▶ **What you need to do**
Retype every line from the start of the data down to and including the line with "Dragon Hill Residence". Skip the pictures.

▶ **Exercise material**
=== Section Start ===
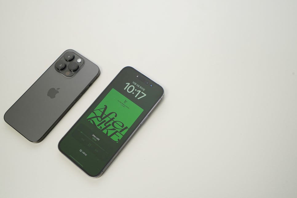 아이폰14 Pro 시리즈의 또 하나의 특징은 바로 상시 표시형 디스플레이입니다. 위 두 사진으로 보시는 것처럼 화면을 꺼지지 않게 사용할 수 있습니다. 일반 잠금 화면에서도 이 기능은 마음에 들지만 특히 iOS16에서 앨범 커버가 크게 보이기 사용할 수 있기 때문에 음악을 들을 때 특히 마음에 드는 기능이었습니다.
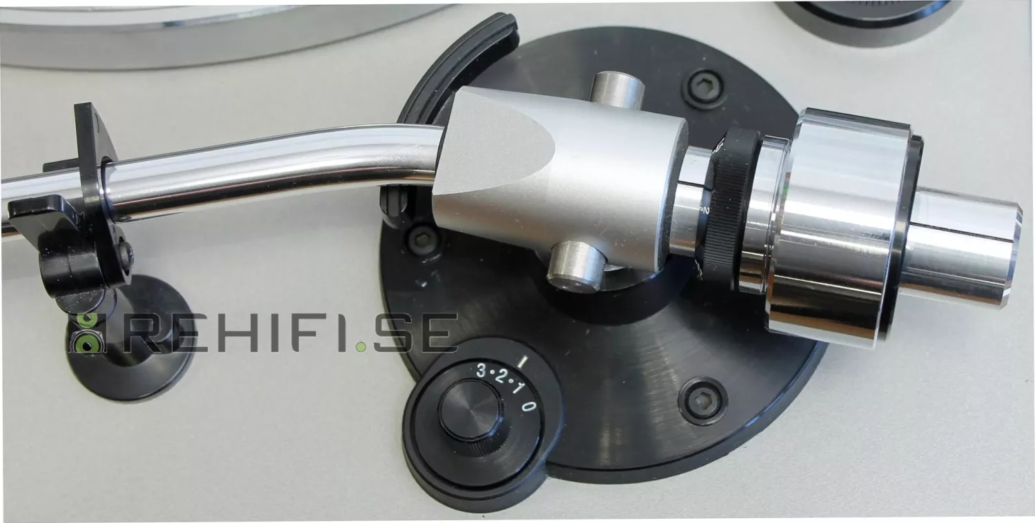 Bra S-formad tonarm med avtagbart pickupskal med standard SME-fäste.
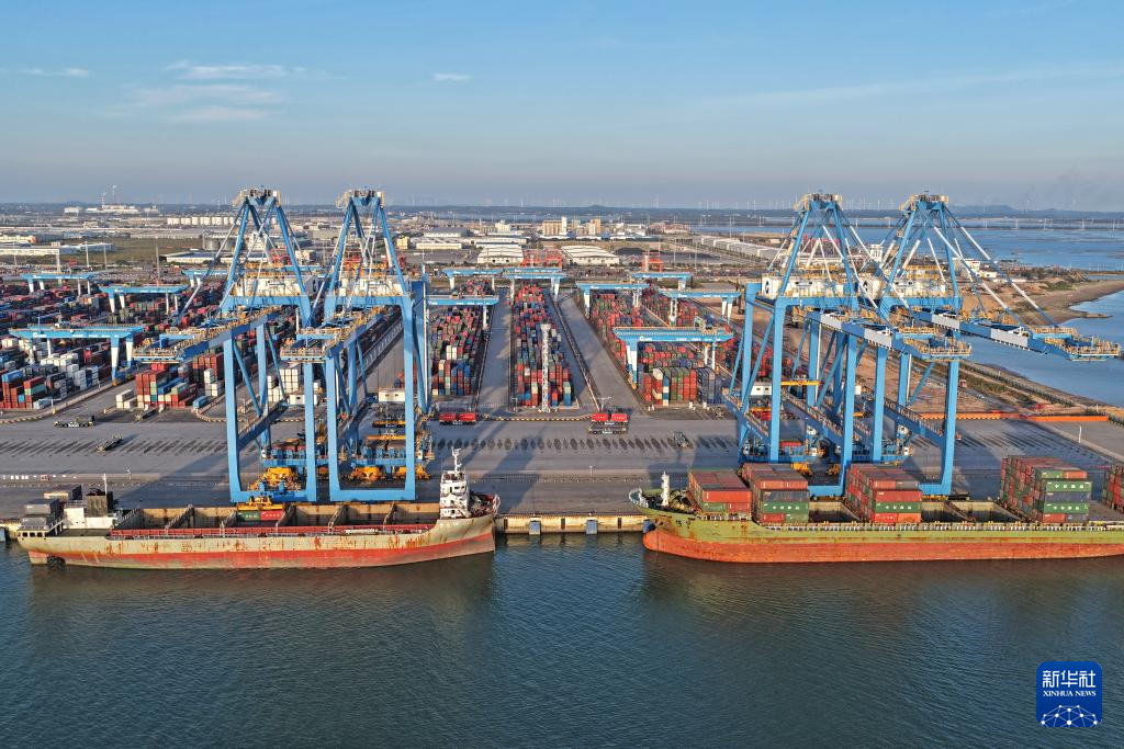 这是繁忙的广西北部湾港钦州港区(11月12日摄,无人机照片)。
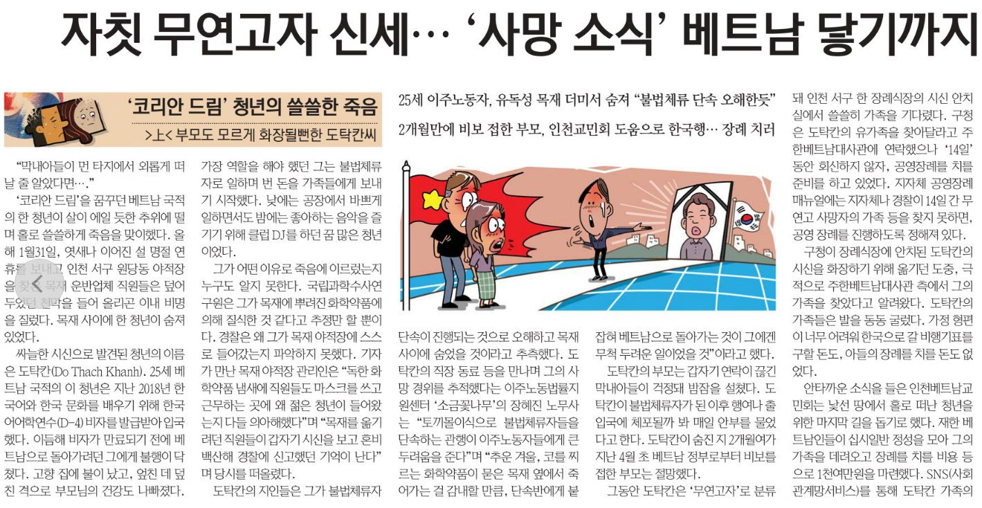 19ÀÏ 6¸é <¡®ÄÚ¸®¾È µå¸²¡¯ û³âÀÇ ¾µ¾µÇÑ Á×À½ Áß. ¡®¿Ü±¹ÀÎ »ç¸Á¡¯ »ý·«µÈ ¿øÀÎ ±Ô¸í>
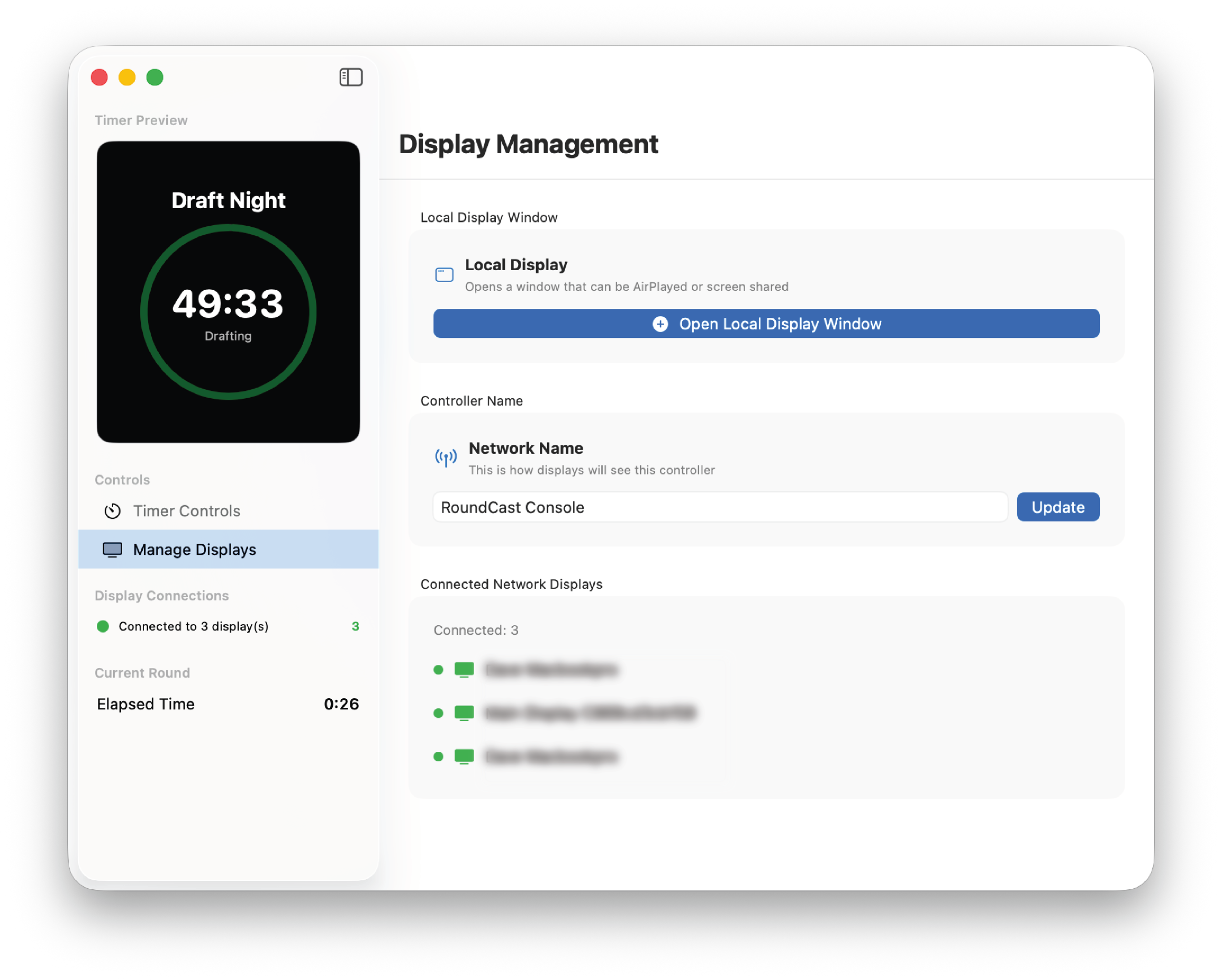 The Display Management Tab allows you to launch to Local Display Window and configure the Network Name used by your Console. RoundCast support having multiple consoles running on different Macs on the same network. By providing clear network names, you'll be able to easily navigate to the correct timer on each RoundCast Player you have running.
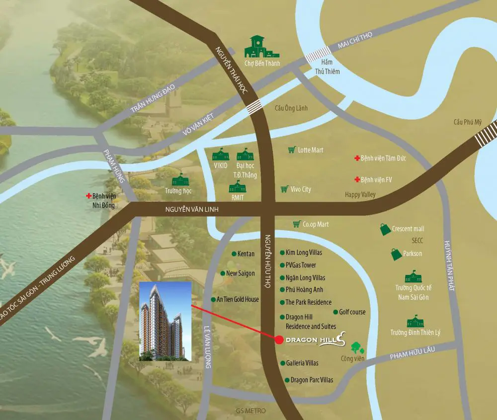 Dragon Hill Residence and Suites 2 sở hữu vị trí “phong thủy thế vượng”, ngay mặt tiền đường Nguyễn Hữu Thọ, nơi giữa mình Rồng Dragon City - vùng đất lành yên bình, tĩnh tại và phồn thịnh. Dự án được thừa hưởng toàn bộ hệ thống cơ sở hạ tầng và các dịch vụ tiện ích tập trung, hiện đại bậc nhất tại nơi tâm điểm cuộc sống khu Nam Sài Gòn.
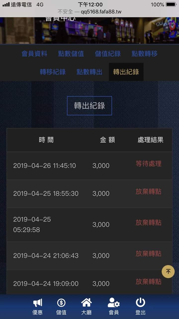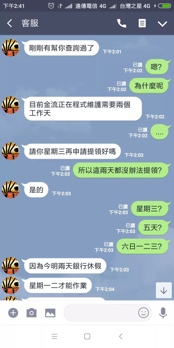 大贏家娛樂城誇張 入了兩萬都不出金 詢問客服一堆藉口就是不出 一直拖延 小心了各位!
=== Section End ===
▶ **Solution**
 아이폰14 Pro 시리즈의 또 하나의 특징은 바로 상시 표시형 디스플레이입니다. 위 두 사진으로 보시는 것처럼 화면을 꺼지지 않게 사용할 수 있습니다. 일반 잠금 화면에서도 이 기능은 마음에 들지만 특히 iOS16에서 앨범 커버가 크게 보이기 사용할 수 있기 때문에 음악을 들을 때 특히 마음에 드는 기능이었습니다.
 Bra S-formad tonarm med avtagbart pickupskal med standard SME-fäste.
 这是繁忙的广西北部湾港钦州港区(11月12日摄,无人机照片)。
 19ÀÏ 6¸é <¡®ÄÚ¸®¾È µå¸²¡¯ û³âÀÇ ¾µ¾µÇÑ Á×À½ Áß. ¡®¿Ü±¹ÀÎ »ç¸Á¡¯ »ý·«µÈ ¿øÀÎ ±Ô¸í>
 The Display Management Tab allows you to launch to Local Display Window and configure the Network Name used by your Console. RoundCast support having multiple consoles running on different Macs on the same network. By providing clear network names, you'll be able to easily navigate to the correct timer on each RoundCast Player you have running.
 Dragon Hill Residence and Suites 2 sở hữu vị trí “phong thủy thế vượng”, ngay mặt tiền đường Nguyễn Hữu Thọ, nơi giữa mình Rồng Dragon City - vùng đất lành yên bình, tĩnh tại và phồn thịnh. Dự án được thừa hưởng toàn bộ hệ thống cơ sở hạ tầng và các dịch vụ tiện ích tập trung, hiện đại bậc nhất tại nơi tâm điểm cuộc sống khu Nam Sài Gòn.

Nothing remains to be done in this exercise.